Jargon. Terrible stuff. We all agree, don't we? Let's jettison the lot, and get back to clear, straightforward English. Who could disagree? But is it really so cut & dried? And if jargon really is as useless as this, how come it's so resilient?

The fact is, given the right context, jargon is not only justified - it's a positive boon. School governor meetings would take a lot longer if everyone  always referred to School Improvement Partners and Performance & Assessment reports rather than SIPs and PANDAs. The shortform is just as clear - and far more concise. Jargon comes under suspicion, of course, when 'we', in fact, means not just us, but them too, and they aren't quite as au fait with it as we are. While jargon can aid communication, all too often it does the precise opposite. To quote from a recent letter in The Guardian:

"...but when she says, "My job is to facilitate access to the libraries by everyone in the community, especially people at risk of social exclusion, some of whom might have literacy problems, suffer from disabilities or not speak English fluently", does she mean "all welcome?" How easy it is to slip into bureaucratic jargon."

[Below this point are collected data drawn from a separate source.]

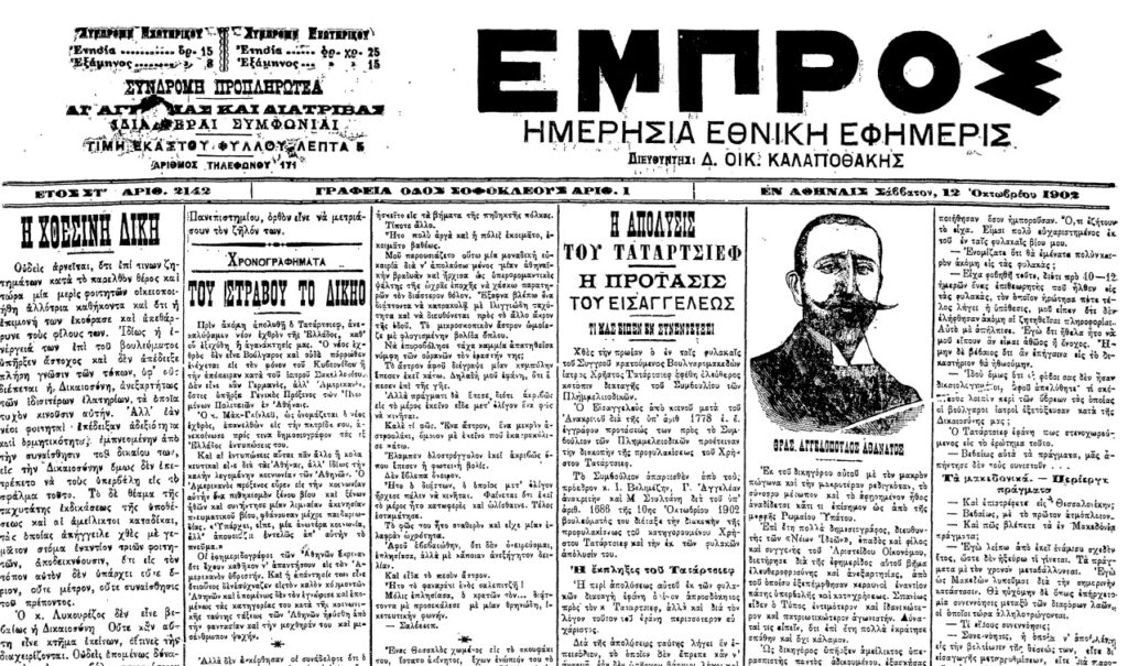 Со ова ослободување завршува една епизода која не требаше ни да се случи, ако немаше основани причини и непобитни докази. Правдата, преку својата истрага, не најде елементи за вина против Татарчев. Толку подобро за него. И толку полошо за неа (правдата, б.м.), ако не можела да најде докази, доколку такви постоеле. Како и да е, грчката правосудна власт си ја изврши својата должност. Без разлика дали пред себе имаше невин или виновен човек, го пушти на слобода, бидејќи ништо не можеше да ја убеди во неговата вина. И бугарските колеги на ослободениот Татарчев ја примија навредата директно во лице, навреда која сакаа да ја упатат кон грчката правда, нарекувајќи ја неспособна. Но излишно е да се занимаваме понатаму со професионалните навредувачи од Софија на сè што е грчко.
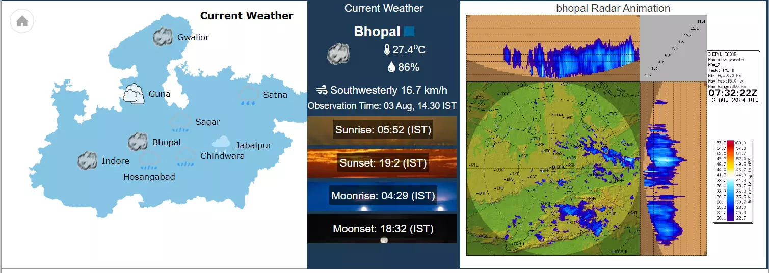 August 3 Weather Update: भोपाल। मध्य प्रदेश की राजधानी भोपाल में शनिवार को भी बारिश जारी है। 12 जिलों में भारी बारिश का रेड अलर्ट जारी किया गया है। वहीं, भोपाल और जबलपुर समेत 23 जिलों में भारी बारिश का ऑरेंज अलर्ट जारी किया गया है। वहीं इंदौर में भी सुबह से ही हल्की बारिश हो रही है।
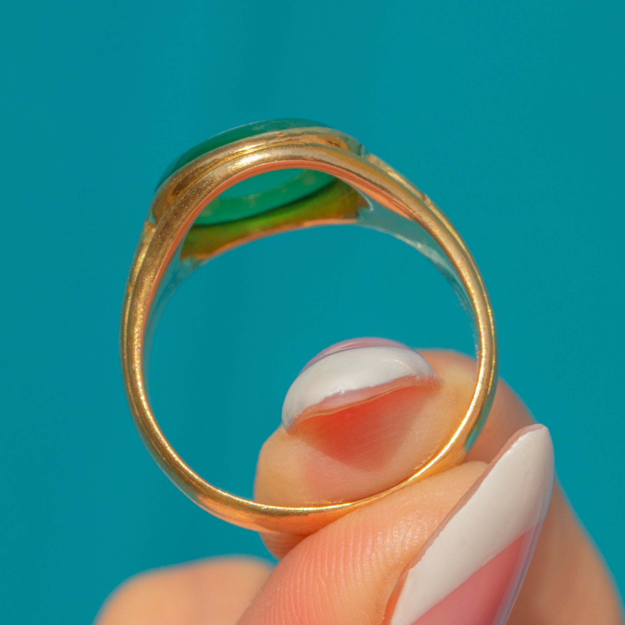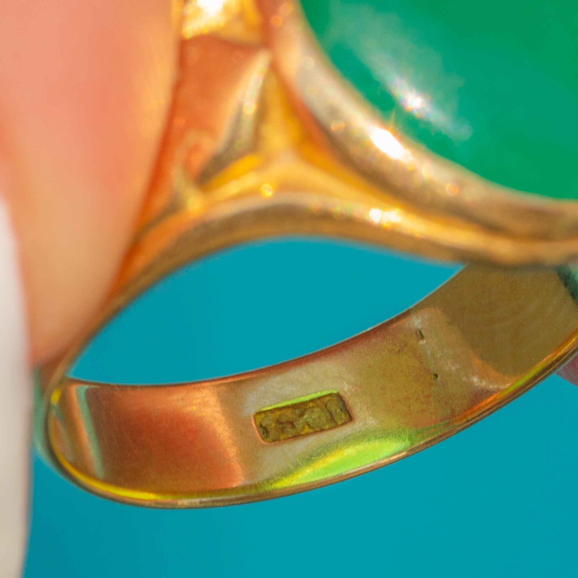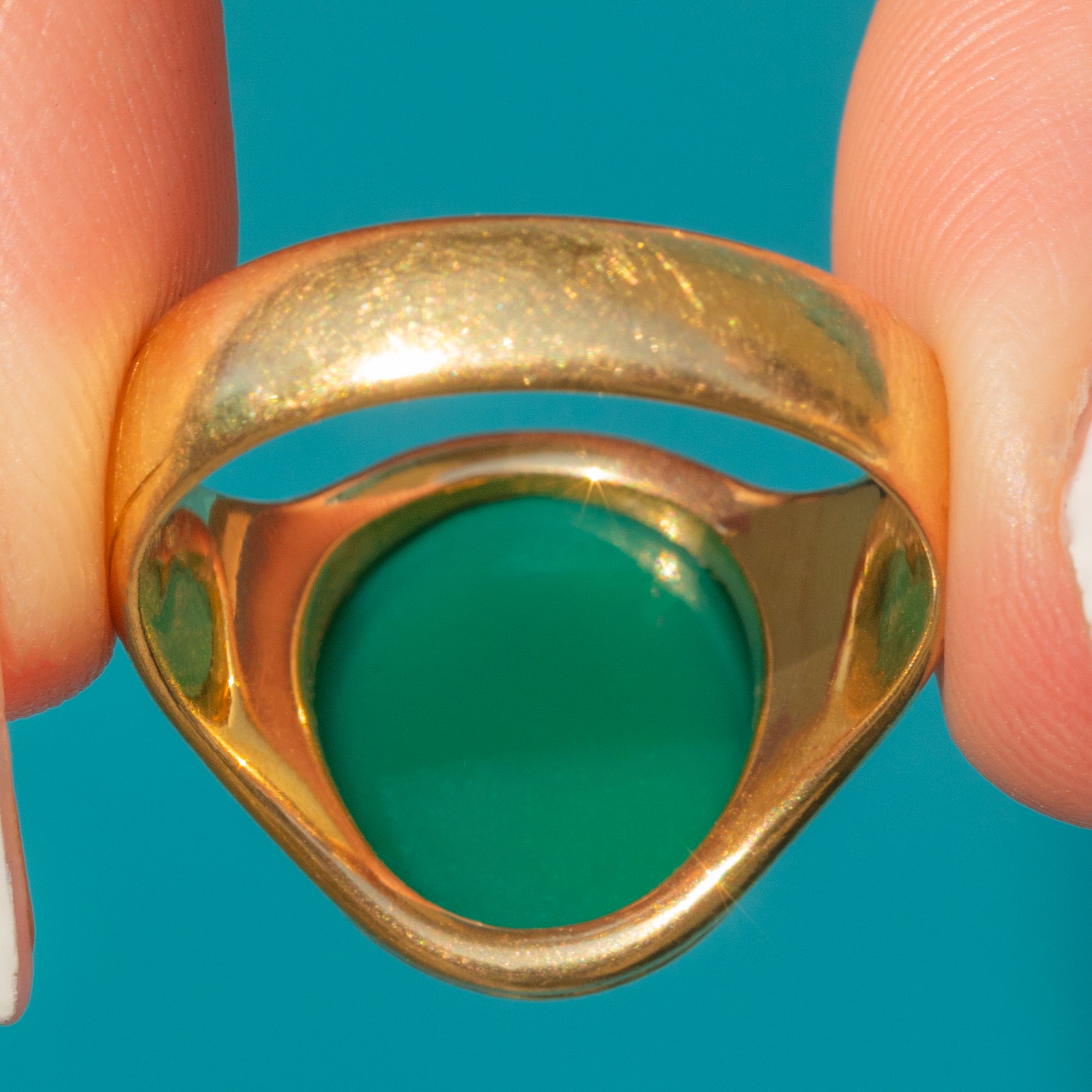 EXCELLENT: The Chrysoprase is free from chips or scratches, and the Gold band shows no signs of wear. The ring has been very well cared for, retaining its original brilliance.

Indeed. Confronted by such prose, you have to wonder who's actually being addressed. Certainly not the 'people at risk of social exclusion', who would surely find it impenetrable. Perhaps, you can't help suspecting, the real audience is the speaker's peers rather than the community at large; the real objective being to impress the former rather than to engage with the latter. 

Which brings us to the nub: jargon has its place, as an integral part of the language which helps distinct groups communicate with each other more easily and efficiently than they otherwise could. But used, as it all too often is, not to communicate but to impress, to self-aggrandise, even, on occasion, to exclude, isolate and belittle, it is little but a comfy redoubt for pomposity and arrogance and disdain. 

And that's why we at ampers&, while happy to use jargon when the task demands, tend to view it as guilty until it proves itself innocent. We are, after all, in the business of communicating - of winning hearts and minds - not of showing off, or bolstering fragile egos.